This example illustrates the ability to develop a frameshift vaccine for Myeloma (MEL) in dogs. 12-15 dogs with each of 8 different cancers and age-matched dogs without cancer, were assayed on the arrays as described in Example 1, except the frame-shift peptides were predicted for mis-splicing in dog tumors. 279 Myeloma specific frame-shift peptides (>25% positive rate, 6SD) are shown in FIG. 2. 30 peptides are predicted to be 50% reactive in >90% of dogs diagnosed with myeloma (MEL). The same process was applied to all 8 cancers in the same manner

Example 4

This example demonstrates the ability to develop a frameshift vaccine for Breast Cancer (BC) in dogs. 12-15 dogs with each of 8 different cancers and age-matched dogs without cancer, were assayed on the arrays as described in Example 1, except the frame-shift peptides were predicted for mis-splicing in dog tumors. 122 Breast Cancer specific frame-shift peptides (>30% positive rate, 6SD) are shown in FIG. 3. 30 peptides from this group are predicted to provide 50% reactivity in >90% of patients.

Example 5

This example illustrates the process to test a cancer type specific frameshift vaccine in the mouse breast cancer model (4T1). As illustrated in FIG. 4, initially mice were challenged subcutaneously with 4T1 tumor cells and, seven days later, sera were collected. Pre-challenge and 7-days sera were assayed on peptide microarrays containing 200 frame-shift neoantigens. For the frameshift vaccines, the top 10 candidates with higher prevalence among all the mice challenged (n=24) were selected, a common Breast cancer frameshift vaccine was constructed (mBC FAST vaccine). Then, mice were vaccinated (n=10/group) twice subcutaneously on 7 and 14. For the immunization group with the combined immunotherapy, the antibody treatment, anti-PD-L1 (200 μg/dose) and CTLA-4 (100 μg/dose) were administrated on days 8, 15 and 21.

Example 6

This example illustrates the Breast Cancer (BC) frameshift vaccine or Pancreatic Cancer (PC) frameshift vaccine confers protection by reducing tumor growth or preventing growth at all. As shown in FIGS. 5A and 5B, the vaccines produced by the methods disclosed herein are effective at reducing or preventing tumor growth. In particular, the BC FAST vaccine significantly reduced tumor growth either alone or in combination with check point inhibitor (CPI, see FIG. 5A). The BC FAST vaccine also resulted in 5 out of 8 mice to be tumor free after the 1^st challenge (see FIG. 5B). The PC FAST vaccine significantly reduced tumor growth in combination with CPI (FIG. 5A) and the combination resulted in 3 out of 8 mice to be tumor free after the 1^st challenge (see FIG. 5B).

Example 7

This example illustrates the disclosed FAST vaccine reduces metastasis, such as pulmonary metastasis. As illustrated in FIGS. 6A and 6B, treatment with either the BC FAST vaccine alone or with CPI significantly reduced metastasis. The average number of 4T1 colonies were significantly reduced following treatment with the BC FAST vaccine alone or in combination with CPI as compared to mock samples (FIG. 6B). Similar results were found following treatment with the BC FAST vaccine alone or in combination with CPI as compared to mock samples (FIG. 6B).
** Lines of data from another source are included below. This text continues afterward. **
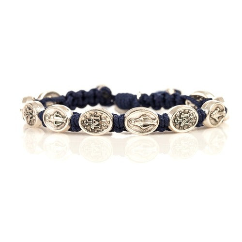 A stylish, reverent accessory that joyfully shares the gift Mary’s loving protection and your devotion to the Miraculous Medal, this Marian bracelet features ten medals woven into a navy macrame' cord. An everlasting style with a personal focus on faith.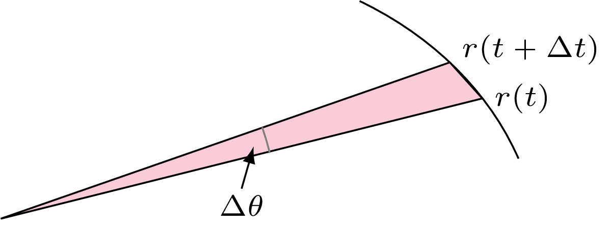Na początek wykorzystajmy II prawo (o którym można więcej przeczytać w artykule Grzegorza Łukaszewicza i Mikołaja Sierżęgi, \(\Delta^{10}_{20}\)). Rozpatrzmy moment, gdy planeta w chwili \(t\) jest w odległości \(r\) od środka układu współrzędnych. Po bardzo krótkim czasie \(\Delta t\) jej odległość od Słońca praktycznie się nie zmieni: \(r(t)\approx r(t+\Delta t)\) (rys. 8), a jej współrzędna kątowa zmieni się o malutkie \(\Delta \theta\). Pole wymiecione w czasie \(\Delta t\) jest więc w przybliżeniu równe polu trójkąta: \[\frac12 r^2 \sin (\Delta \theta) \approx \frac12 r^2\Delta \theta,\] więc po podzieleniu przez \(\Delta t\) i odpowiednim przejściu do granicy otrzymujemy \(\frac 12 r^2 \frac{d\theta}{dt}\) jako prędkość ,,wymiatania pola”. Wynika stąd, że jeśli zdefiniujemy teraz moment pędu: \[L=mr^2\frac{d\theta}{dt},\] to pozostanie on niezmienny w czasie ruchu planety. To dla nas dobra wiadomość, bo pozwala pozbyć się ze wzoru na energię kinetyczną pochodnej kąta \(\theta\). Wystarczy tylko podstawić \(\frac{d\theta}{dt} = \frac{L}{mr^2}\).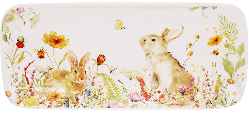 Підкресліть стиль вашого святкового чи щоденного столу з набором керамічних прямокутних блюд з колекції Easter Meadow! У комплекті — два блюда розміром 37×16 см, висота — 3 см. На кожному — живий весняний сюжет: руді зайці серед квітучого лугу з барвистими метеликами. Такий дизайн одразу створює приємну атмосферу та гармонійно доповнює сервірування. Блюда надійно запаковані в щільну картонну коробку — зручно для зберігання і як подарунок. Обирайте Easter Meadow — для теплих моментів за столом!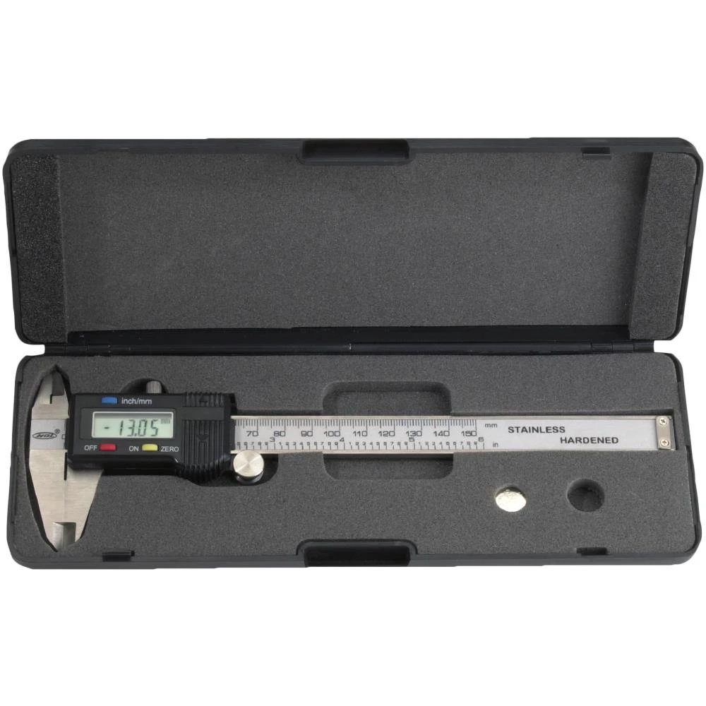 Digital skydelære af rustfast stål med både fingerrulle og låseskrue. Måleområde 0 – 150 mm / Aflæsning 0.01 mm. Leveres i beskyttende opbevaringsboks.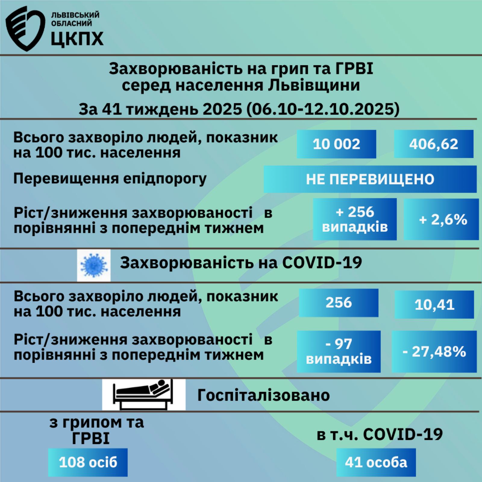 Кількість хворих на ГРВІ за попередній тиждень перетнула межу 10 тисяч людей. З них майже 5 тисяч — діти до 18 років. Про це повідомила генеральна директорка Львівського обласного центру контролю та профілактики хвороб Наталія Іванченко-Тімко у неділю, 12 жовтня. Кількість хворих на ГРВІ зросла В порівнянні з минулим тижнем, кількість хворих, які звернулися до лікарів з симптомами інфекції, зросла майже на 300 людей. Найбільш ураженою віковою групою є діти до 14 років. Серед дорослих найбільше захворівших серед людей від 30 до 64 років. Госпіталізовано 108 пацієнтів, в тому числі, з коронавірусною інфекцією — 41 особа. У регіоні одночасно циркулює одразу декілька видів вірусу Хворобу викликали аденовірус, риновірус, метапневмовірус, риносинтиційний вірус і коронавірус. Лабораторно підтверджено 256 випадків з них 30 серед дітей. Госпіталізовано 40 пацієнтів, з них 10 дітей. Наталія Іванченко-Тімко зазначала, що в аптеках доступні вакцини проти грипу, призначені для сезону 2025–2026 років.

The present disclosure is not to be limited in scope by the specific embodiments described herein. Indeed, various modifications of the disclosure in addition to those described herein will become apparent to those skilled in the art from the foregoing description and the accompanying figures. Such modifications are intended to fall within the scope of the appended claims.

Claims

1. A method of producing a vaccine for a cancer and/or tumor and stage of interest, comprising:

identifying a first population of peptides that are immunoreactive with a set of biological samples obtained from a set of test subjects that have been identified as having the cancer and/or tumor and stage of interest; and

preparing a cancer vaccine composition for the cancer of interest, wherein the cancer vaccine composition comprises a second population of peptides comprising one or more peptides in the first population or a nucleic acid sequence encoding the one or more peptides, thereby producing the vaccine for the cancer and/or tumor of interest.

2. The method of claim 1, wherein the second population of peptides is a subpopulation of the first population.

3. The method of any one of claim 1 or claim 2, wherein identifying first population of peptides comprises determining immunoreactivity of the first population of peptides to the set of biological samples obtained from the set test subjects using antibody reactivity.

4. The method of claim 3, wherein antibody reactivity is detected using an antibody assay that comprises ELISA, radio-immunoassay, western blot, surface plasmon resonance, immunostaining, immunoprecipitation, mass spectrometry, phage display, ELISPOT, flow cytometry, cytometric bead array, immunohistochemistry, high density array, microarray, delayed-type hypersensitivity (DTH), and combinations thereof.

5. The method of any one of claims 1 to 4, wherein identifying comprises determining immunoreactivity of the first population of peptides to the set of biological samples obtained from the set test subjects using a T cell response.

6. The method of claim 5, wherein the T cell response is detected using a proliferation assay, 3H-thymidine assay, BrdU assay, CFSE assay, cytokine secretion assay, ELISA assay, ELISPOT assay, intracellular staining assay, quantitative rtPCR assay, cytometric bead array assay, cytotoxicity assay, 51-chromium assay, degranulation assay, granulysin assay, granzyme A assay, granzyme B assay, and/or perforin assay.

7. The method of any one of claims 1 to 6, wherein the first population of peptides comprises peptides encoded by a frameshifted mRNA expressed by a cancer cell.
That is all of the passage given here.